*GIVEN MATERIAL*:
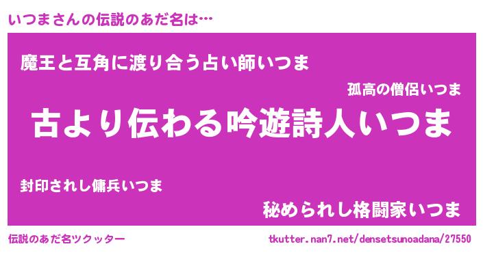 | 意味不明あだ名 | 『自称いつま』『たけのこ科いつま属』 |
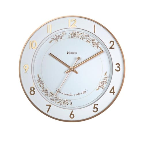 Relógio de parede herweg ref: 6873-318 dourado Descrição do produto: Medidas: 34,6d x 5e cm Características técnicas: Usa pilha aa Mecanismo sweep silencioso Produto nacional Informações sobre o produto: Relógio de parede Base em plástico injetado/pintado Detalhes do mostrador em alto relevo Botões de regulagem na parte traseira do produto Cor da base: branco Cor do mostrador: branco ornamentado com todos os números e frase entre os minutos, a vida se faz Ideal para a decoração de ambientes de 1 ano Marca: Não Informado Ean: 7897280327537
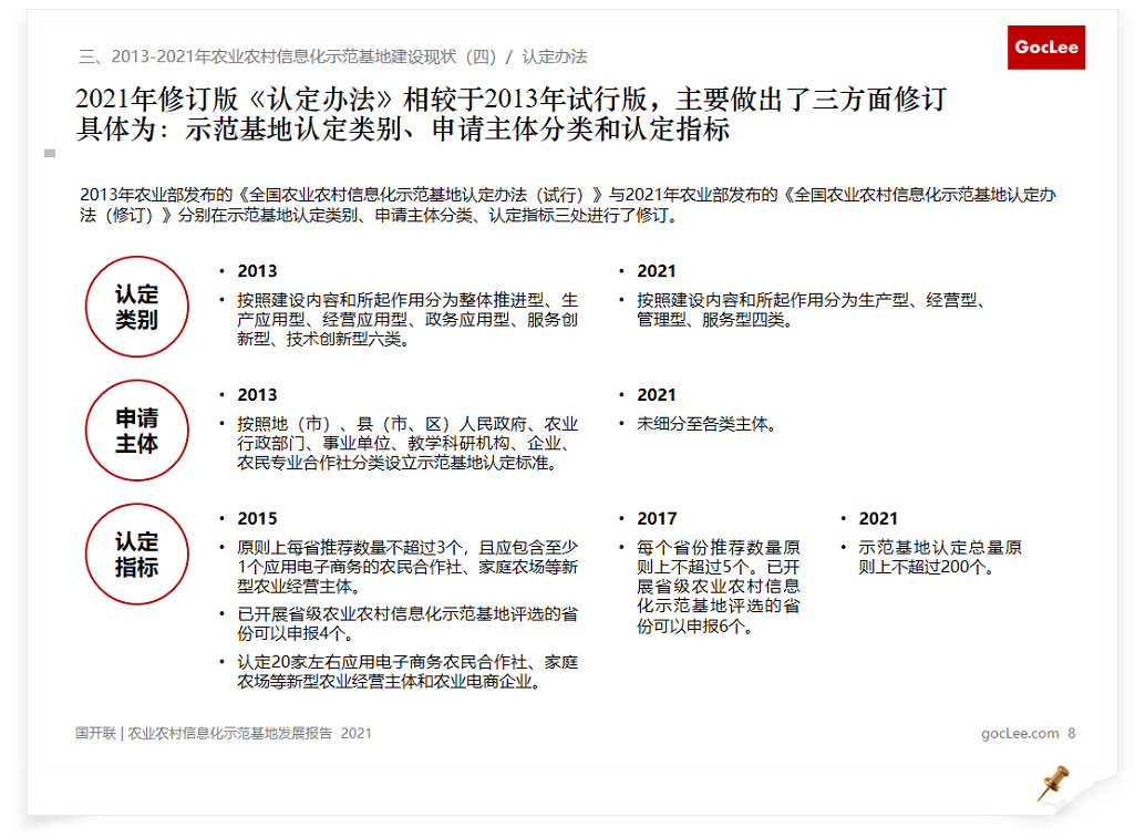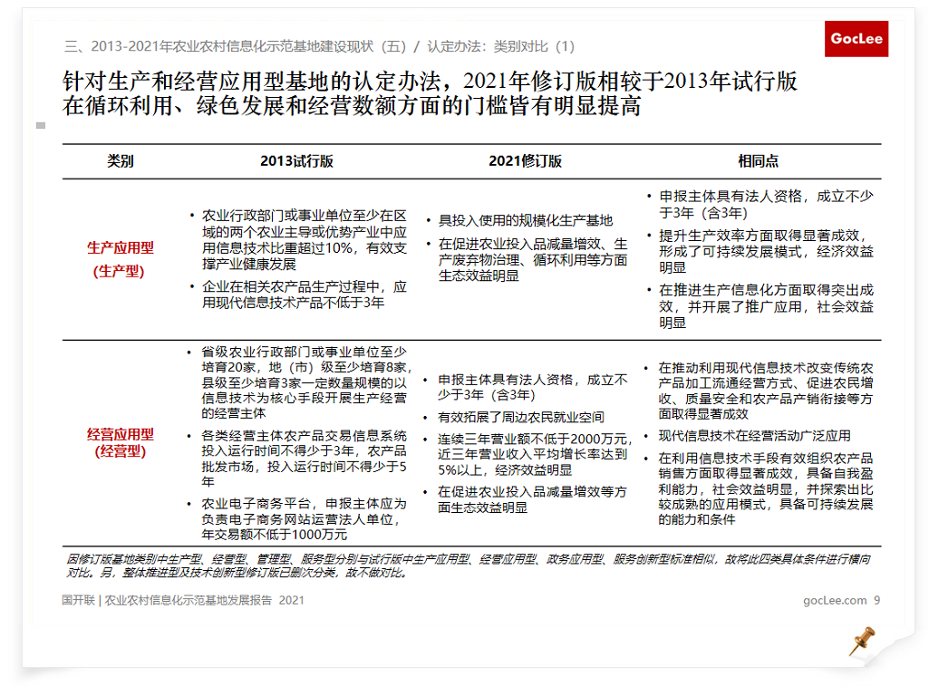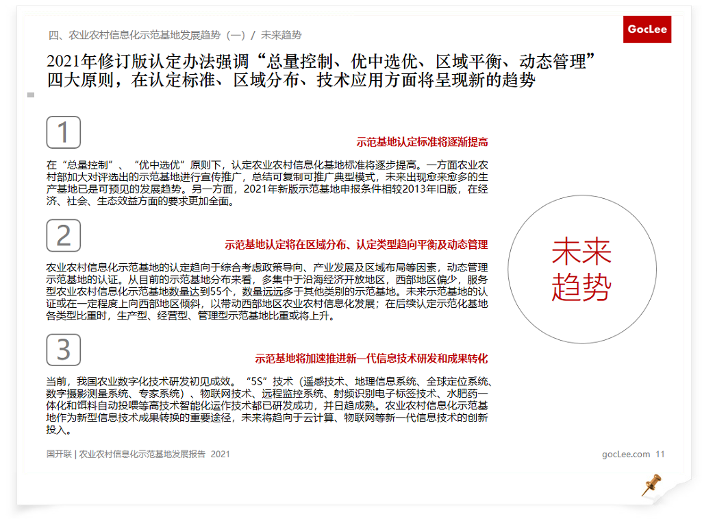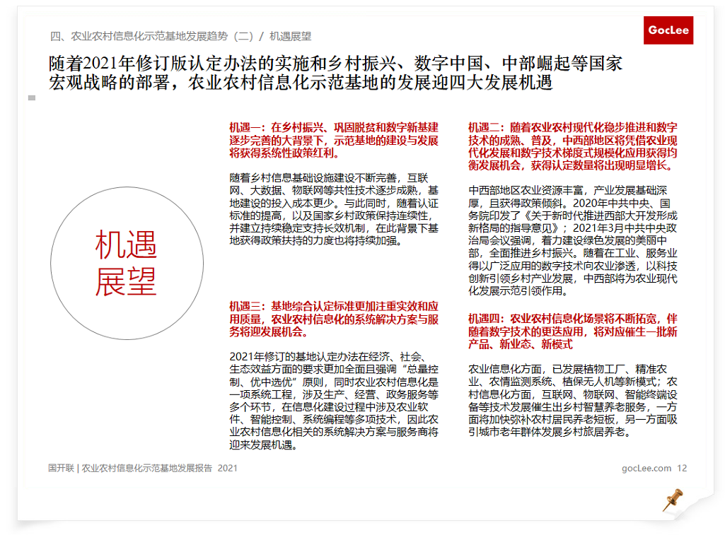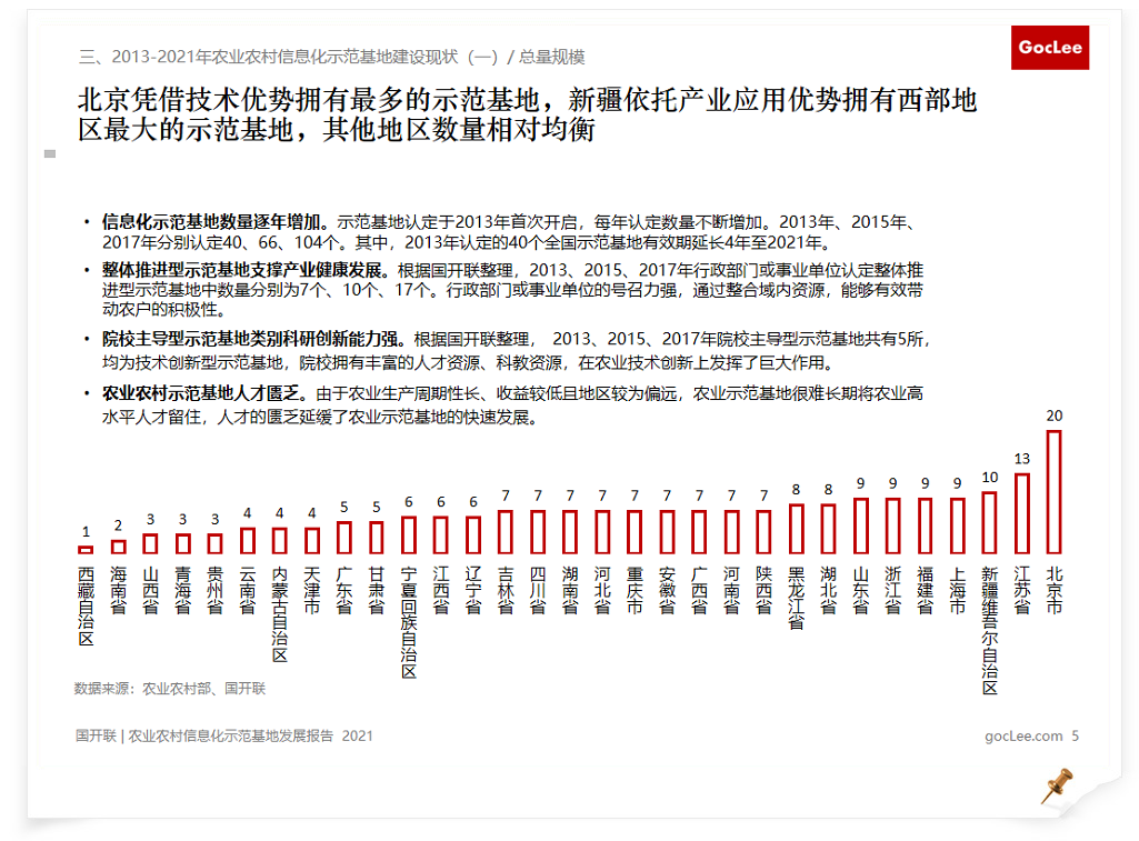 《報告》既具體呈現(xiàn)了我國歷次農(nóng)業(yè)農(nóng)村信息化示范基地認(rèn)定辦法的橫向?qū)?biāo)研究,也就我國農(nóng)業(yè)農(nóng)村信息化示范基地在各地區(qū)的建設(shè)與鈞衡發(fā)展情況通過數(shù)據(jù)進(jìn)行了可視化呈現(xiàn),更結(jié)合區(qū)域均衡發(fā)展、未來趨勢、數(shù)字技術(shù)在農(nóng)業(yè)農(nóng)村領(lǐng)域的應(yīng)用等,提出了投資與發(fā)展機(jī)遇展望。

*DIRECTIONS FOR THIS TASK*: Set down, word for word, the full listing above, and carry over no pictures.

*ANSWER*:
 | 意味不明あだ名 | 『自称いつま』『たけのこ科いつま属』 |
 Relógio de parede herweg ref: 6873-318 dourado Descrição do produto: Medidas: 34,6d x 5e cm Características técnicas: Usa pilha aa Mecanismo sweep silencioso Produto nacional Informações sobre o produto: Relógio de parede Base em plástico injetado/pintado Detalhes do mostrador em alto relevo Botões de regulagem na parte traseira do produto Cor da base: branco Cor do mostrador: branco ornamentado com todos os números e frase entre os minutos, a vida se faz Ideal para a decoração de ambientes de 1 ano Marca: Não Informado Ean: 7897280327537
 《報告》既具體呈現(xiàn)了我國歷次農(nóng)業(yè)農(nóng)村信息化示范基地認(rèn)定辦法的橫向?qū)?biāo)研究,也就我國農(nóng)業(yè)農(nóng)村信息化示范基地在各地區(qū)的建設(shè)與鈞衡發(fā)展情況通過數(shù)據(jù)進(jìn)行了可視化呈現(xiàn),更結(jié)合區(qū)域均衡發(fā)展、未來趨勢、數(shù)字技術(shù)在農(nóng)業(yè)農(nóng)村領(lǐng)域的應(yīng)用等,提出了投資與發(fā)展機(jī)遇展望。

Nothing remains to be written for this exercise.